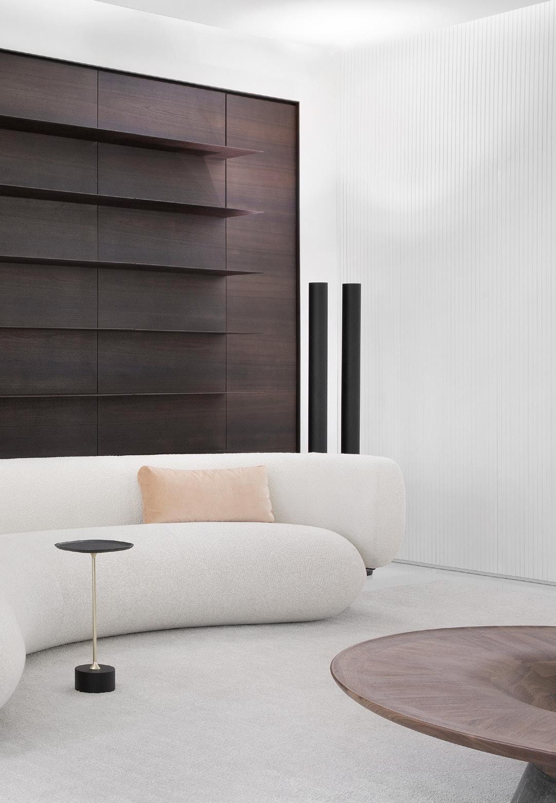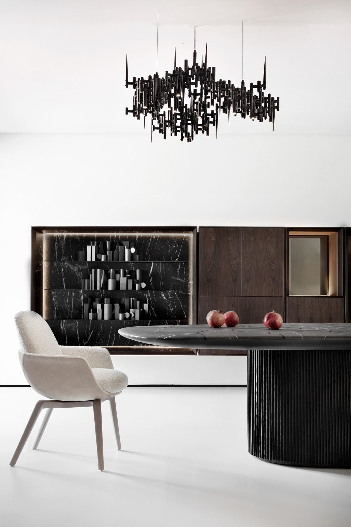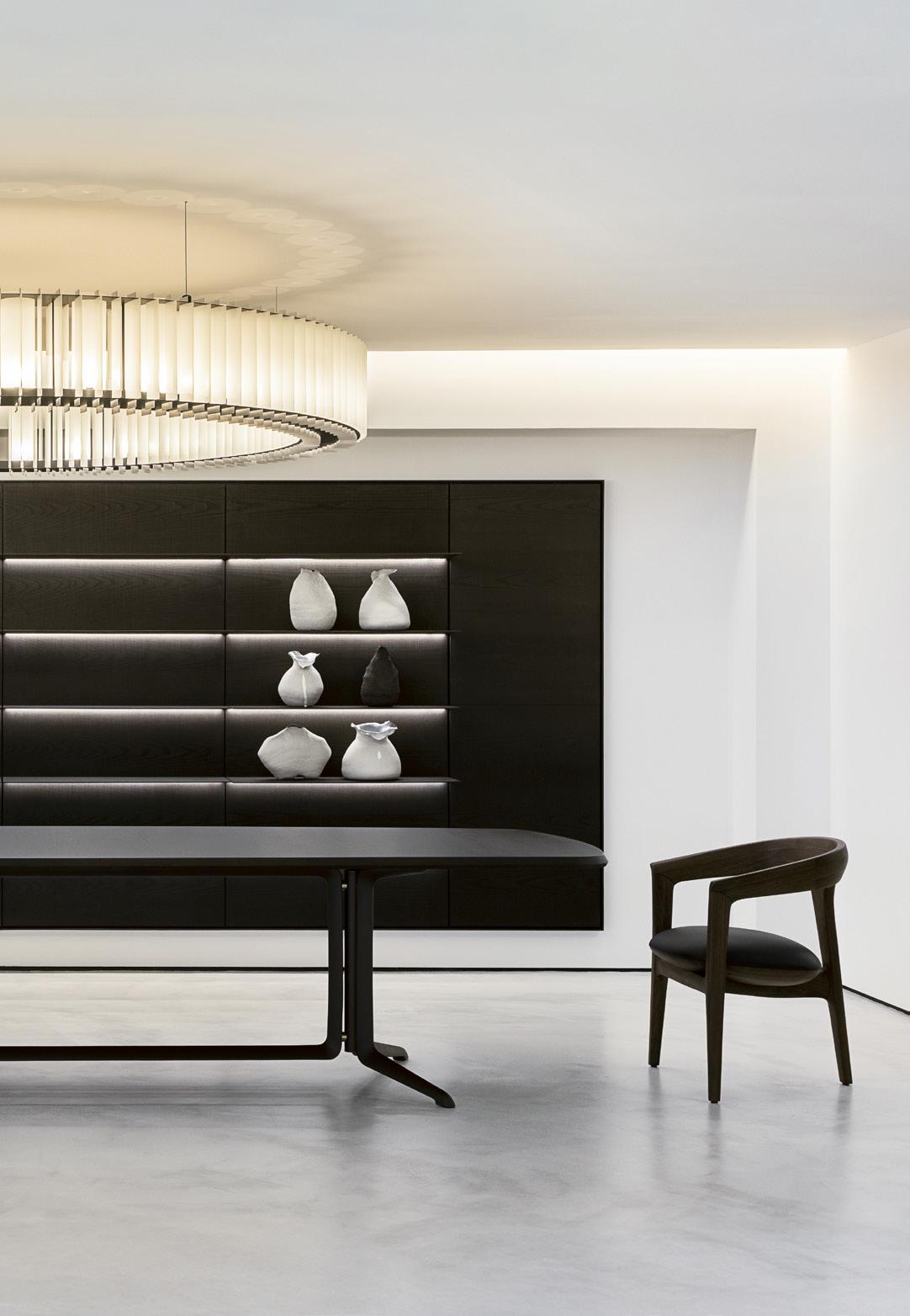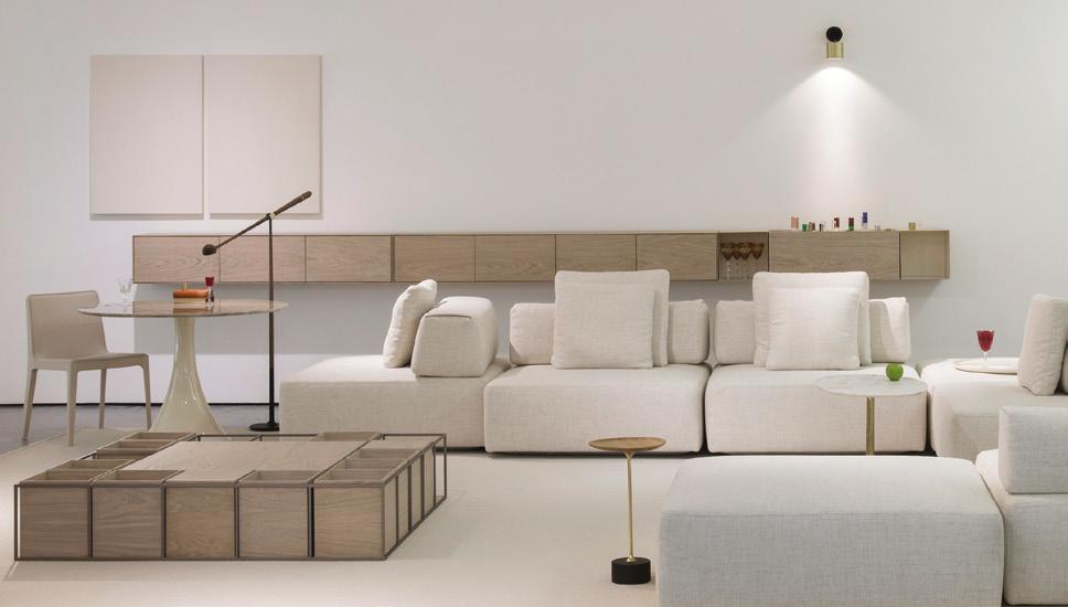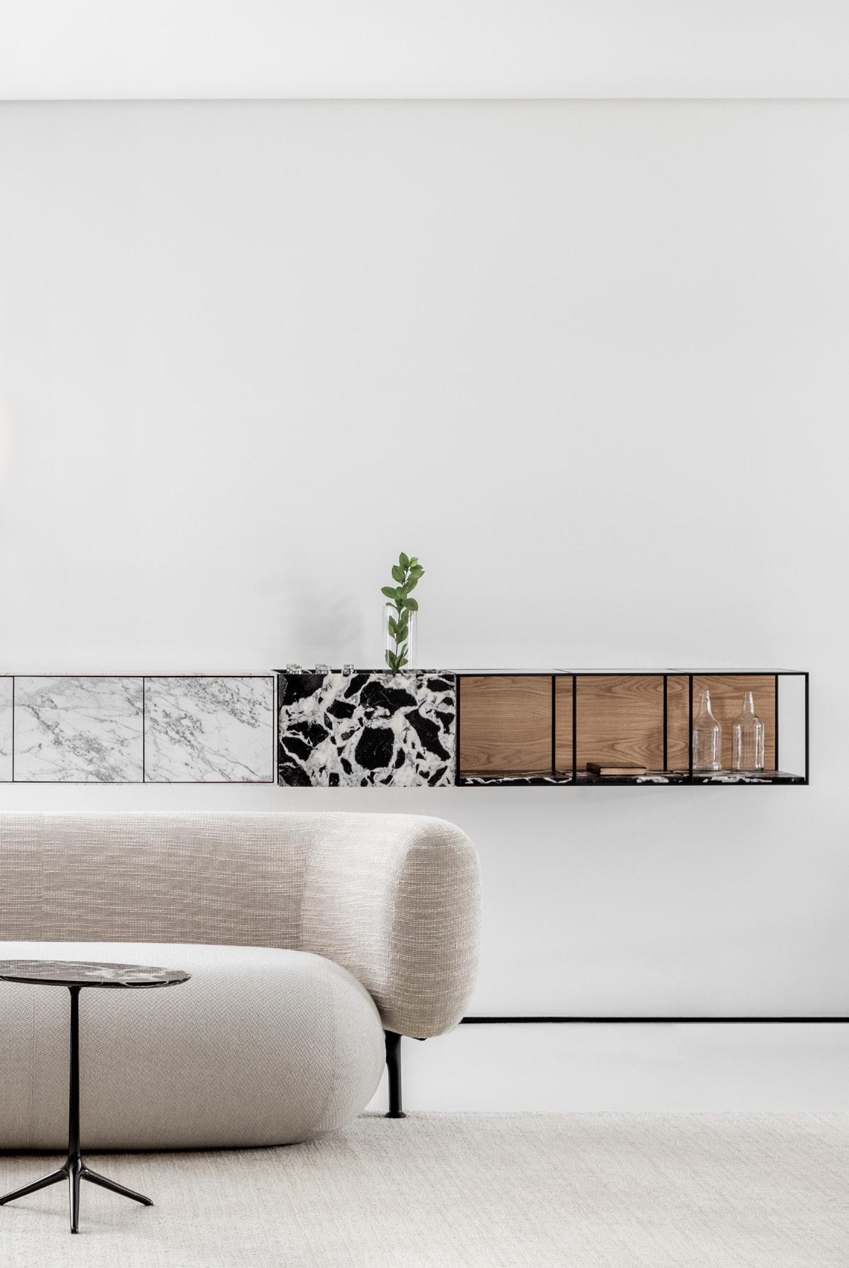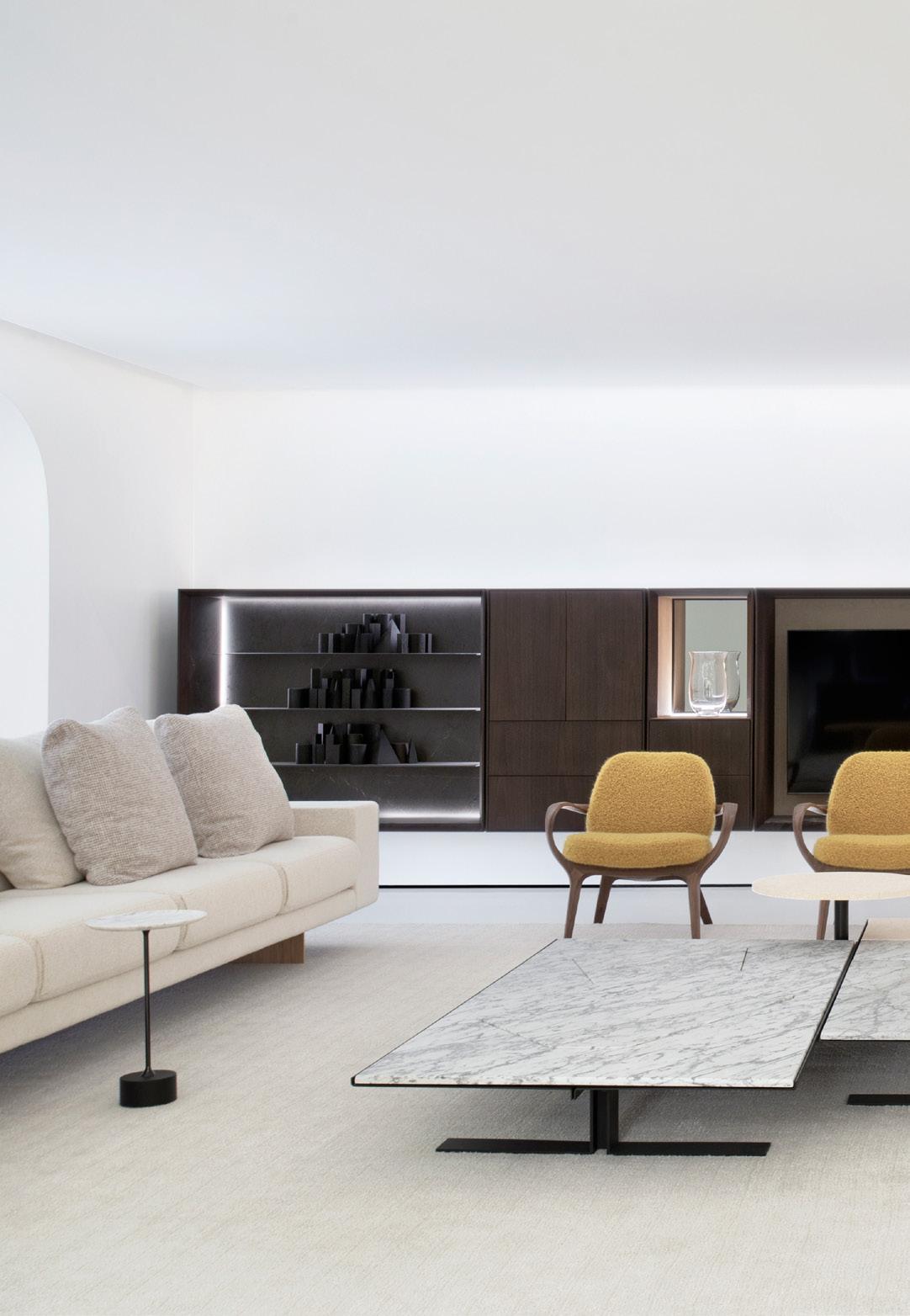 As a defining characteristic of the line, the ends are closed and support the tabletop surface across a span that can reach up to 5 meters. The system includes doors, shelves, and niches, and the sofa accommodates generous and comfortable cushions.
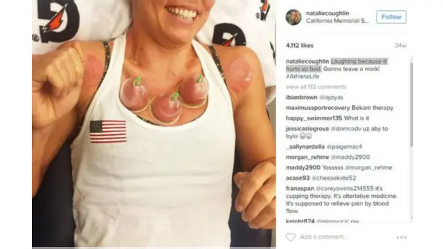 امریکی خاتون تیراک نیٹیلی کفلین نے بھی اپنی تصاویر شائع کی ہیں جن میں ان کے سینے پر کپ لگے ہیں جو ان کی جلد کے ساتھ چپکے ہوئے ہیں۔
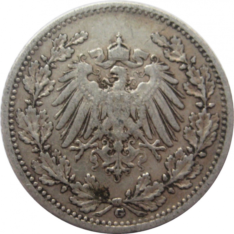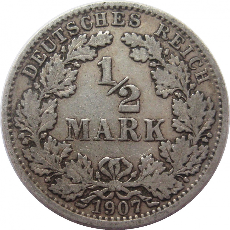Германия, 1/2 марка, 1907, G (Карлсруэ) редкая |

▬▬▬

● **Exercise**: Down to the last line, print the material exactly, but not its pictures.

● **Written solution**:
 As a defining characteristic of the line, the ends are closed and support the tabletop surface across a span that can reach up to 5 meters. The system includes doors, shelves, and niches, and the sofa accommodates generous and comfortable cushions.
 امریکی خاتون تیراک نیٹیلی کفلین نے بھی اپنی تصاویر شائع کی ہیں جن میں ان کے سینے پر کپ لگے ہیں جو ان کی جلد کے ساتھ چپکے ہوئے ہیں۔
Германия, 1/2 марка, 1907, G (Карлсруэ) редкая |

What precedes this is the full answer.